Leave out the pictures and set down exactly the lines from the start of the listing through the one with "廊下にはこれまで卒業した猫た", both included.

▶ DATA
§ §
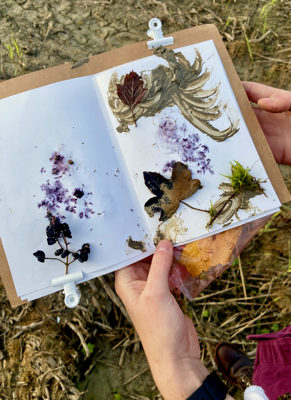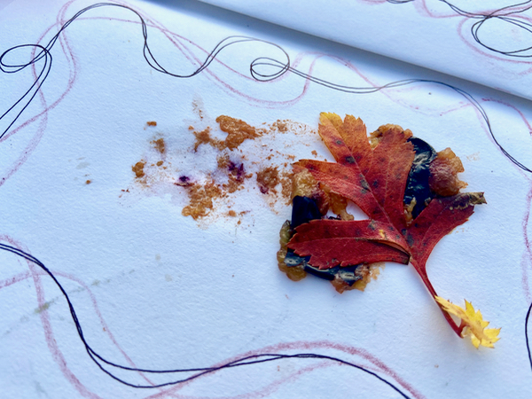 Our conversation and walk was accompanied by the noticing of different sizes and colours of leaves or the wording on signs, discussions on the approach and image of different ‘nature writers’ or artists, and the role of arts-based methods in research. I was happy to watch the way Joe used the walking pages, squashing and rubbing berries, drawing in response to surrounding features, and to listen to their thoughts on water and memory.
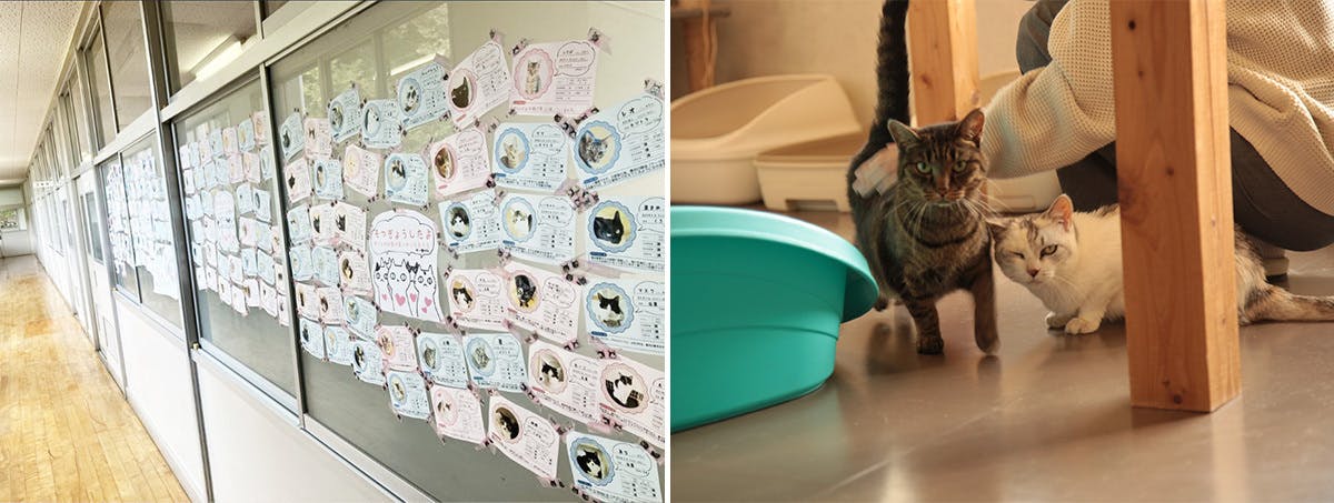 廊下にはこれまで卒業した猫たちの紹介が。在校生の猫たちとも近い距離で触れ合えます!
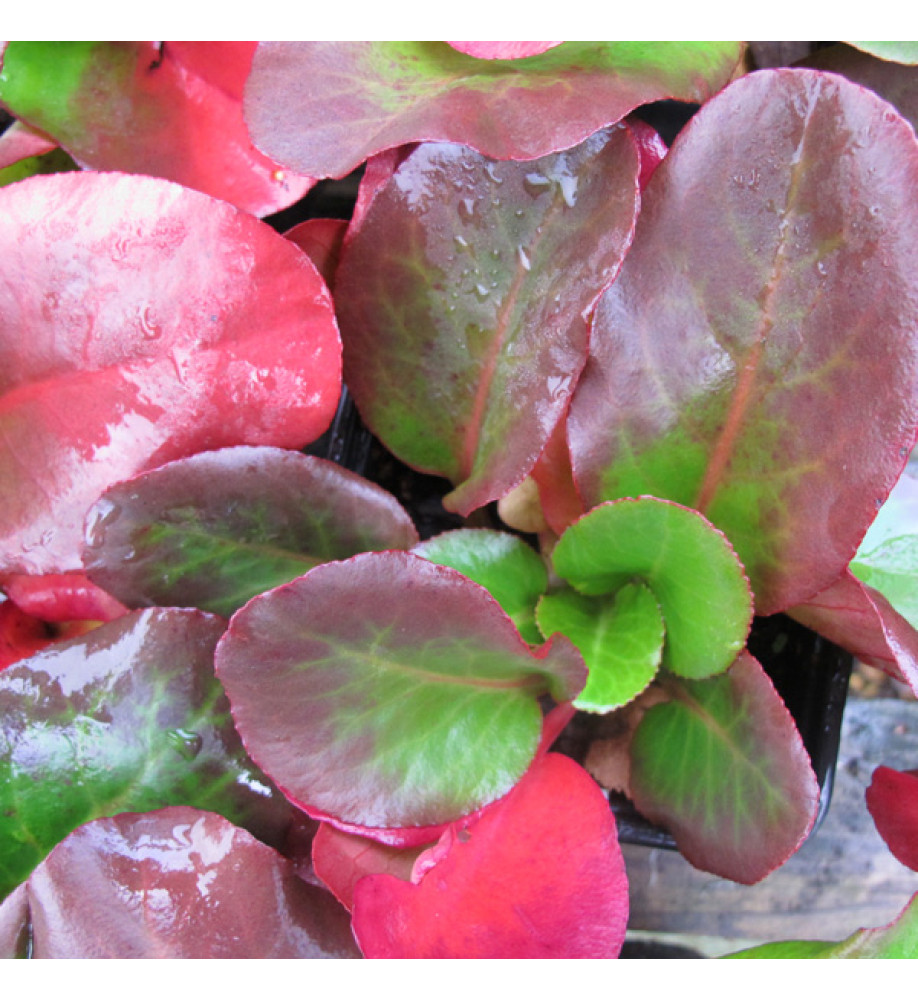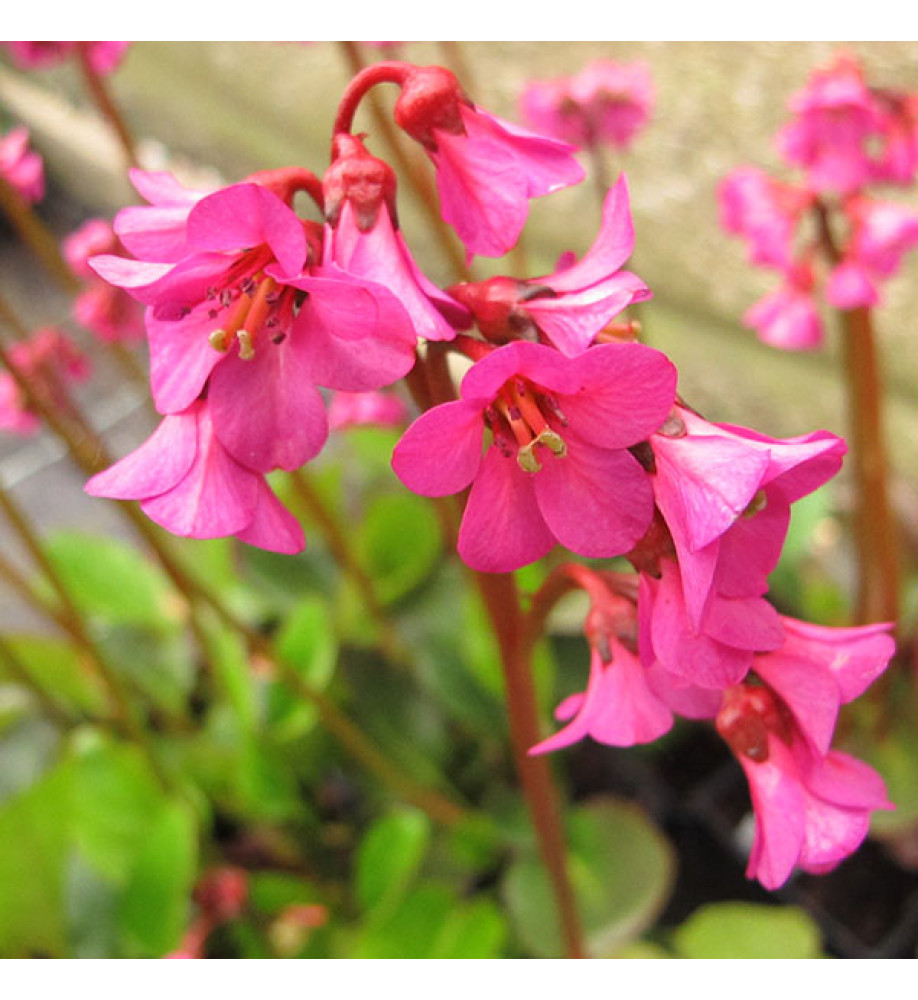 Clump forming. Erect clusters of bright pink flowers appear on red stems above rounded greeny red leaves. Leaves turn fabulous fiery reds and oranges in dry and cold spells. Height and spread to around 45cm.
§ §
▶ TASK ANSWER
 Our conversation and walk was accompanied by the noticing of different sizes and colours of leaves or the wording on signs, discussions on the approach and image of different ‘nature writers’ or artists, and the role of arts-based methods in research. I was happy to watch the way Joe used the walking pages, squashing and rubbing berries, drawing in response to surrounding features, and to listen to their thoughts on water and memory.
 廊下にはこれまで卒業した猫たちの紹介が。在校生の猫たちとも近い距離で触れ合えます!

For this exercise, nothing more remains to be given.